Kemp is a critical witness for the prosecution. In the weeks after the election, he resisted pressure from Trump and his allies to interfere with the election process.
In their latest court filing, lawyers for the governor argued that “Georgia courts have no legal authority” to compel testimony regarding a governor’s “official duties,” citing sovereign immunity under Georgia law.
The court filing is especially focused on communications within Kemp’s team surrounding the 2020 election, a notable line of inquiry for Willis’s office as she seeks to unravel the efforts to overturn the results.
“Unsurprisingly, the Governor’s decision-making before, during, and after the November 2020 election relied heavily on communications with his advisors and on notes and drafts that he prepared,” the filings reads, contending all such communications are off limits to the grand jury.
“While the Governor respects the authority of the (district attorney’s) Office to conduct its investigation, it must do so within the bounds of the law, including the centuries-old doctrine of sovereign immunity upon which the common law of the State was built,” Kemp’s lawyers argued in the court filing.
Kemp’s filing comes a day after lawyers for 11 of Georgia’s would-be Trump electors filed a motion Tuesday asking that Willis and her team be disqualified from investigating them – and perhaps from the entire investigation – for conducting what they say is a politically motivated prosecution.
The court filing cites the judge’s recent decision to disqualify Willis from investigating one would-be Trump elector – Republican state Sen.
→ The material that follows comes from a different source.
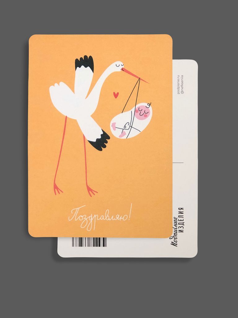 Открытка из плотного дизайнерского картона. На лицевой стороне открытки яркая авторская иллюстрация, на обратной стороне есть поле для марки, линовка для адреса и место для самых тёплых слов и пожеланий.

Burt Jones – after Willis hosted a fundraiser for Jones’s opponent in the upcoming lieutenant governor’s race. The judge called Willis’s participation in the fundraiser a “’what are you thinking?’ moment.”
Lawyers for the 11 electors argued in their motion that the others are “inextricably intertwined” with Jones’s campaign and thus face the same “entirely reasonable concerns of politically motivated prosecution” that the judge found in disqualifying Willis from investigating Jones.
The motion asks that the court find another prosecutor who could “conduct this investigation adequately, fairly, and free from the existing personal and political conflicts with this DA and her office.”
Ronald Carlson, professor of law emeritus at the University of Georgia School of Law, called the request by the electors to disqualify Willis and her team is “a long shot,” but added “anything is possible” in the case.
Willis’s office did not respond to a request for comment.